Total Figure 3. Basic steps of Network Finetune 3. Algorithm implementation and Analysis

In ncfm This competition forum already has the open source realization for everybody reference (https://www.kaggle.com/c/the-nature-conservancy-fisheries-monitoring/discussion/26202),

The logical structure of the model training file train.py is analyzed here. Import-related modules and parameter settings-figure 4; Build Inception_v3 deep convolutional networks, using parameters already trained on imagenet large-scale image datasets as initialization, define callback functions to save the best model on the validation set in training-figure 5; Using data augmentation technology to load training images, the data amplification technique is a common technique for controlling overfitting, and its thought is very simple, and it is also a picture, if it is flipped horizontally, or the corners are cropped, or the tones are dimmer or brighter, Will not change the category of this image-figure 6; Inception_v3 Network model training;

Figure 4. Import and parameter settings

Figure 5. Build Inception_v3 network and load pre-training parameters

Figure 6. Load training and validation picture sets using data amplification technology

Figure 7. Model Training

4. Some tips for improving your rankings

Once we have trained the model, we use this model to predict the categories of the test images, and the code in predict.py in the forum is to predict the fish and generate the submission file. Here we share with you the two skills that are common in machine learning and image recognition competitions, which are simple and effective. Their ideas are based on averages and voting ideas.
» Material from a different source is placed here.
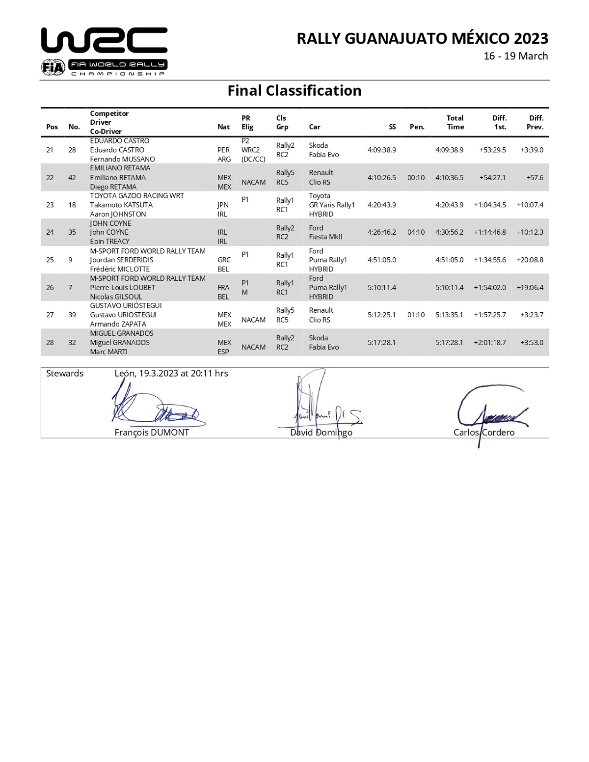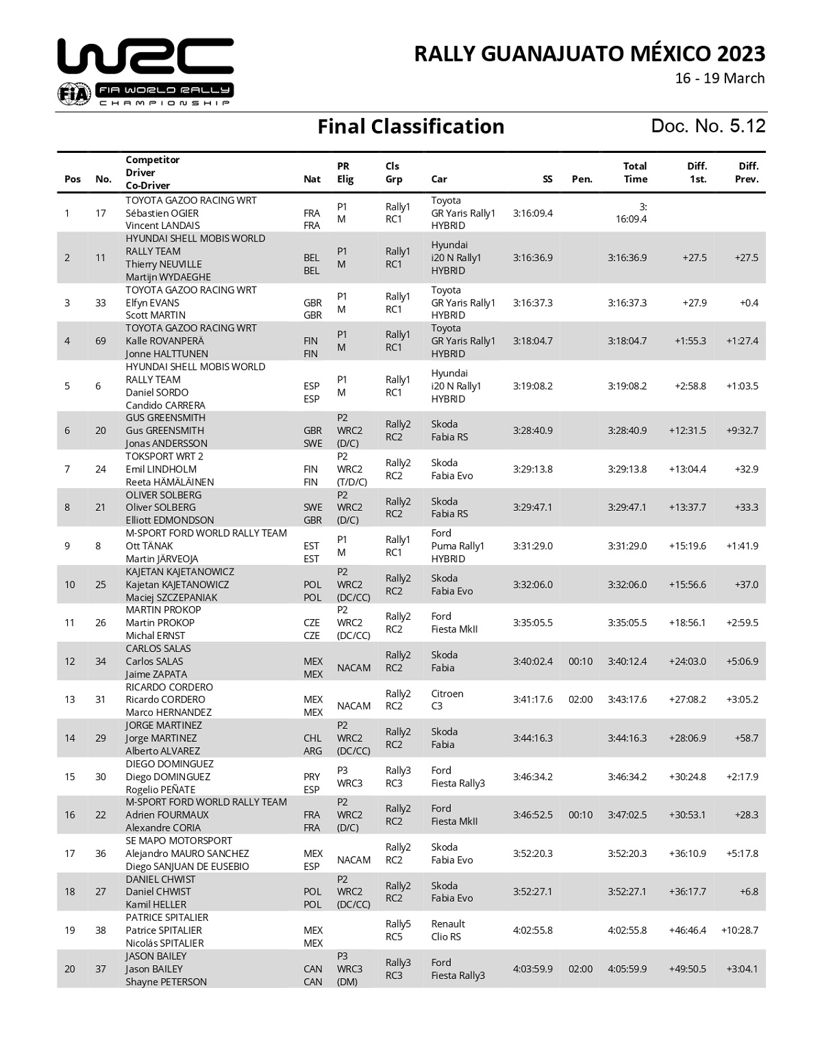 ティエリー・ヌービル(ヒョンデi20 Nラリー1)とエルフィン・エバンス(トヨタGRヤリス・ラリー1)は最終パワーステージまで緊迫した2位争いを繰り広げたが、最終的にわずか3.3秒差でヌービルが2位を獲得した。

The principle behind it is summed up in a sentence: the eyes of the masses are discerning.

Tip 1: The same model, with an average of multiple test samples

This technique refers to the fact that when we train a model, for a test image, we can use a similar data amplification technique to generate multiple images of a number of images, and send these images to our trained network to predict, we take those categories with the highest number of votes as the final result. The idea was realized by predict_average_augmentation.py in the GitHub repository, and its effect was obvious.
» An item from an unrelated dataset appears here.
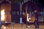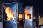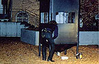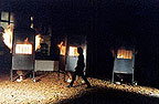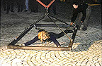 Part I Three human dummies, filled with water, were burnt in three cells of steel. The heat destroyed the dummies, and what was left of them was just water flowing down through an outlet into a box. The water which had formerly been in the dummies is now preserved in sealid glas ressels bearing the label Zell-Brennstoff Mensch - Everything remains inside, only water is coming out. A symbol of human existence. Specially composed techno-tracks formed a convenient backround to the three parts of the performance.

Tip 2: Cross-validation training multiple models

Remember when we said we were going to divide more than 3,000 images into training sets and validation sets. There are many kinds of such divisions. A common division is to disrupt the order of the picture, the average of all the pictures into k parts, then we can have K < training set, validation set > combination, that is, each fetch 1 copies as a validation set, the remaining K-1 as a training set. So we can train the K model in a total, so for each test picture, we can put it into the K-model to predict, and finally choose the category with the highest number of votes as the final result of the prediction. We have made this a "K-fold cross-validation" (K-fold cross-validation). Figure 9 shows a data partitioning method with 50 percent cross-validation.